Small wagers on Paris weather have turned into a big headache for both forecasters and a betting platform. An anonymous user on Polymarket turned a $119 punt into more than $21,000 after an April 15 contract tied to temperatures at Charles de Gaulle Airport suddenly swung in their favor late at night, Business Insider reports. The trader had bet that 18 degrees Celsius, around 64 degrees Fahrenheit, wouldn’t be the day’s maximum temperature, even though the market put that outcome at better than 90% odds. Around 9pm, the airport’s reported temperature abruptly jumped from roughly 16 to 22 degrees, then fell back again. Nearby weather stations didn’t record a similar spike.
Earlier in April, a Polymarket user made $14,000 in a similar longshot bet after another unusual rise in temperature readings from the airport’s monitoring system, the Wall Street Journal reports.The odd spikes are now being investigated. Local weather enthusiasts contacted France’s national weather service, Météo France, which filed a police complaint over suspected interference with its automated data system.
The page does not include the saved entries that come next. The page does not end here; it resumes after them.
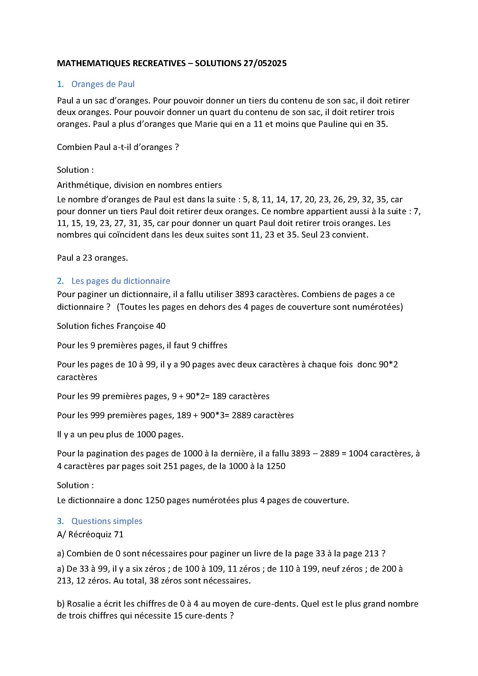 La semaine dernière Christophe Kiény vous avait proposé ses “Mathématiques récréatives”, voici les solutions des exercices du 20 mai :
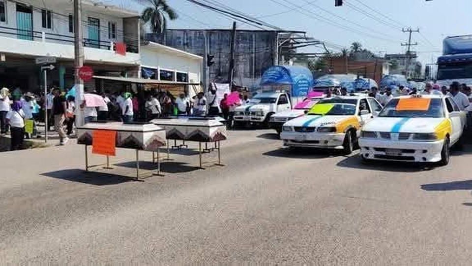 La manifestación, que comenzó a las 9:00 de la mañana, colapsó la circulación en uno de los accesos más importantes del puerto. Decenas de taxis colectivos, camionetas y vehículos de rutas alimentadoras bloquearon el paso, mientras los choferes exigían mayores condiciones de seguridad, así como el fin de las extorsiones y asesinatos que han afectado al gremio. Para visibilizar su reclamo, colocaron tres féretros sobre el asfalto, en señal de luto por sus compañeros caídos.
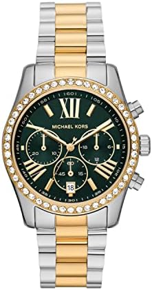 38mm case, mineral glass, quartz movement with analog chronograph display, 20mm band width. Round stainless steel case with green dial. Bicolour, Stainless Steel Band. Water resistant up to 100 m (330 ft): portable for bathing, swimming, snorkeling and diving in shallow water.
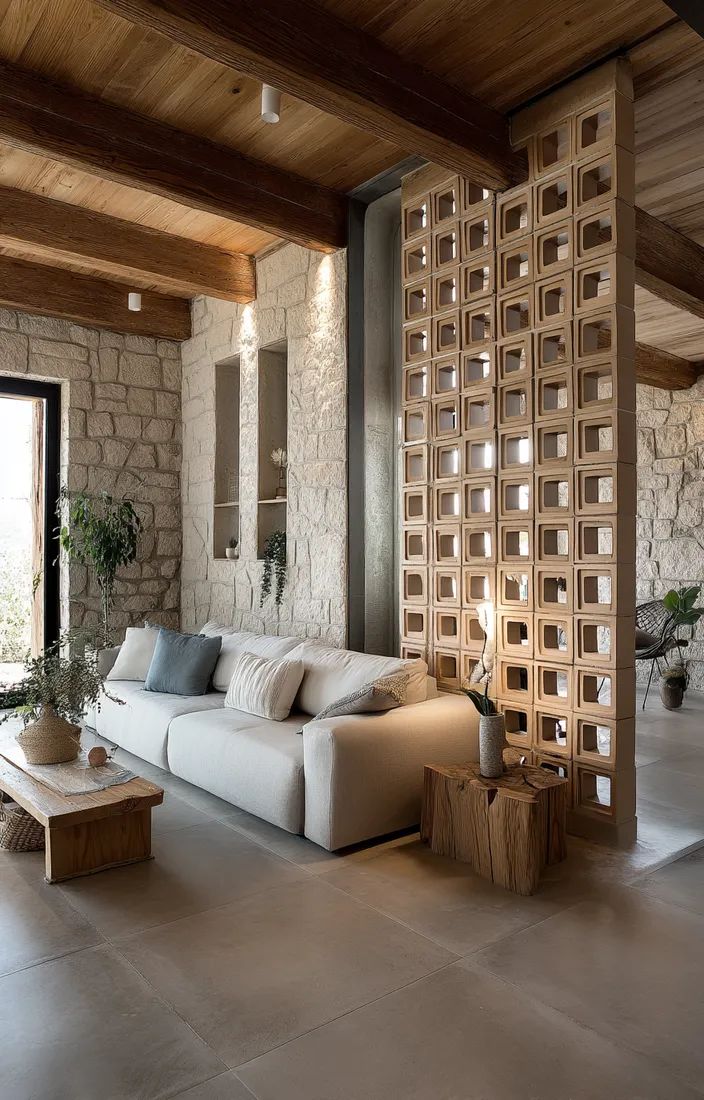 Khi ánh sáng chiếu qua các ô rỗng, chúng tạo nên hiệu ứng bóng đổ sinh động, góp phần tăng chiều sâu và cảm xúc cho không gian.
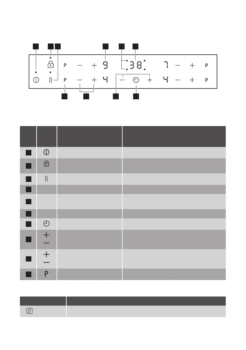 - Kochstufenanzeige Zeigt die Kochstufe an.
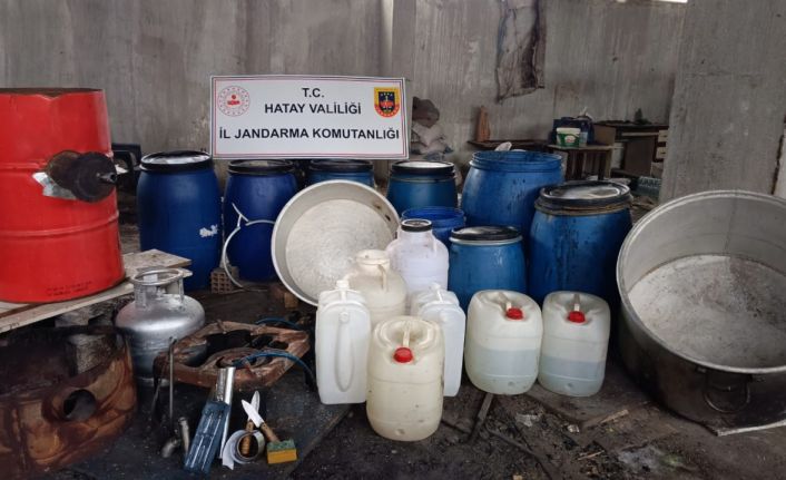 Hatay’da jandarma ekipleri tarafından bir işyerine yapılan baskında 1 ton sahte alkol ele geçirildi.
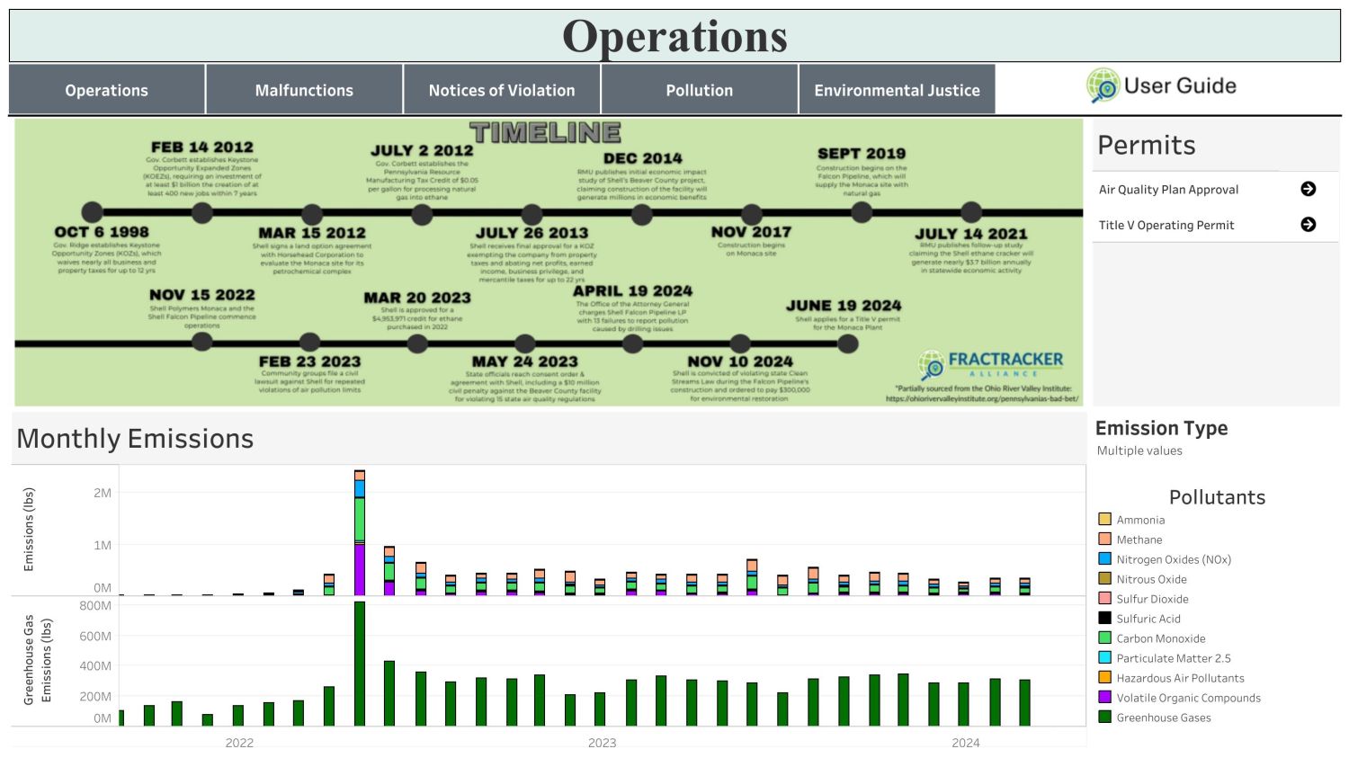 View FracTracker’s Shell Polymers Monaca interactive data dashboard on Tableau Public.
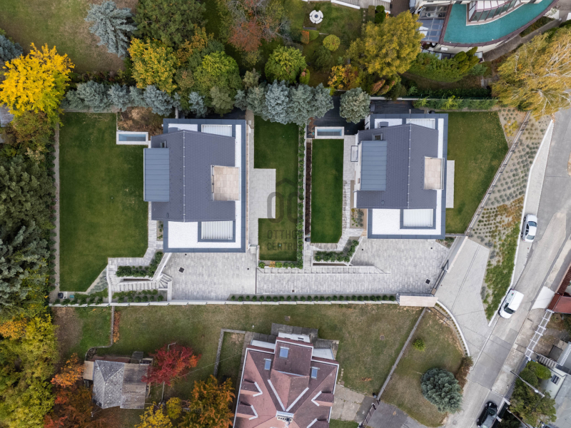 A kertek automata öntözőrendszerrel és robotfűnyíróval felszereltek, a teraszok télen-nyáron használhatók, a belső terek pedig minőségi beépített bútorokkal és gépesített konyhával készültek.
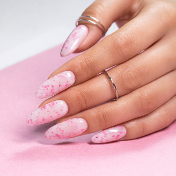 Flakes Rubber Base MollyLac to produkt 2w1 czyli elastyczna baza o mlecznym kolorze wzbogacona różowo-metalicznymi kawałkami folii.

The Guardian reports that Polymarket now relies on readings from the Paris-Le Bourget airport instead of Charles de Gaulle, but it hasn’t refunded any bets.
The case adds a new twist to long-running concerns about insider trading on prediction markets, which already face scrutiny over bets linked to government actions and elections, Business Insider reports. Another platform, Kalshi, said Wednesday that it fined and suspended three US congressional candidates who wagered on their own races.